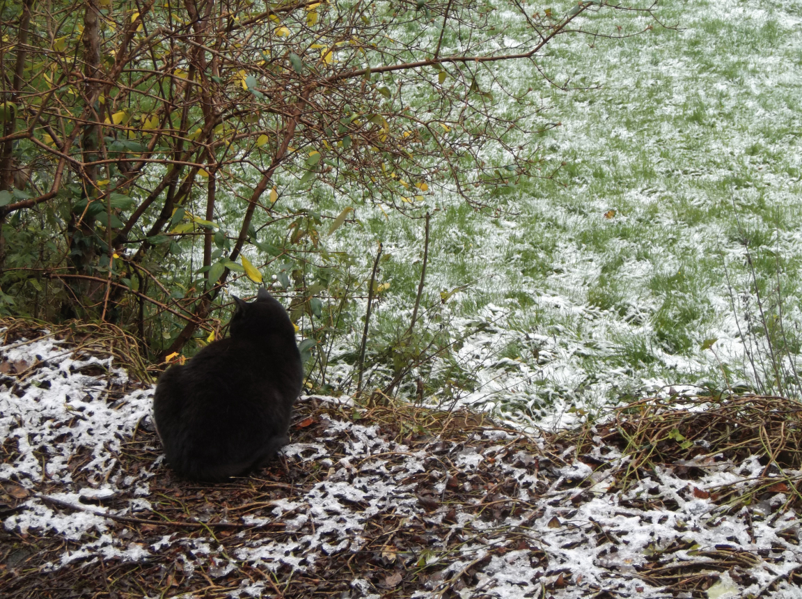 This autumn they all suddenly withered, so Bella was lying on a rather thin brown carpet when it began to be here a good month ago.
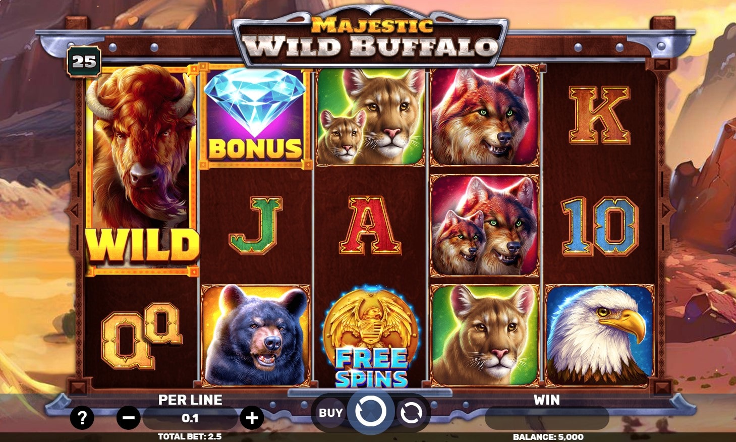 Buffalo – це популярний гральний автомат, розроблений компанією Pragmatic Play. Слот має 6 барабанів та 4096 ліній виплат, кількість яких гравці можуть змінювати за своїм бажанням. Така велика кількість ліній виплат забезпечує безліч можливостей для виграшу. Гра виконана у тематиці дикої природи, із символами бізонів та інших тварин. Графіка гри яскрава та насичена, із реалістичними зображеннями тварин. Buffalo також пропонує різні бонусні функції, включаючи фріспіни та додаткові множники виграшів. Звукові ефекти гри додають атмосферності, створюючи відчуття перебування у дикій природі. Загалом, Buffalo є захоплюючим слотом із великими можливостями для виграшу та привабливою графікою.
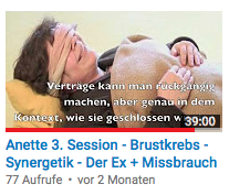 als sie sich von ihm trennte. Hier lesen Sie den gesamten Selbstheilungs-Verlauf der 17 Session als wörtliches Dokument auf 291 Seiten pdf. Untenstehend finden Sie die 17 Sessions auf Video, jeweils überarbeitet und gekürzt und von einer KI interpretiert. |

-------

# [Exercise aim]
In transcribing the material above, reproduce each line exactly and include none of the pictures.

# [Solved problem]
 This autumn they all suddenly withered, so Bella was lying on a rather thin brown carpet when it began to be here a good month ago.
 Buffalo – це популярний гральний автомат, розроблений компанією Pragmatic Play. Слот має 6 барабанів та 4096 ліній виплат, кількість яких гравці можуть змінювати за своїм бажанням. Така велика кількість ліній виплат забезпечує безліч можливостей для виграшу. Гра виконана у тематиці дикої природи, із символами бізонів та інших тварин. Графіка гри яскрава та насичена, із реалістичними зображеннями тварин. Buffalo також пропонує різні бонусні функції, включаючи фріспіни та додаткові множники виграшів. Звукові ефекти гри додають атмосферності, створюючи відчуття перебування у дикій природі. Загалом, Buffalo є захоплюючим слотом із великими можливостями для виграшу та привабливою графікою.
 als sie sich von ihm trennte. Hier lesen Sie den gesamten Selbstheilungs-Verlauf der 17 Session als wörtliches Dokument auf 291 Seiten pdf. Untenstehend finden Sie die 17 Sessions auf Video, jeweils überarbeitet und gekürzt und von einer KI interpretiert. |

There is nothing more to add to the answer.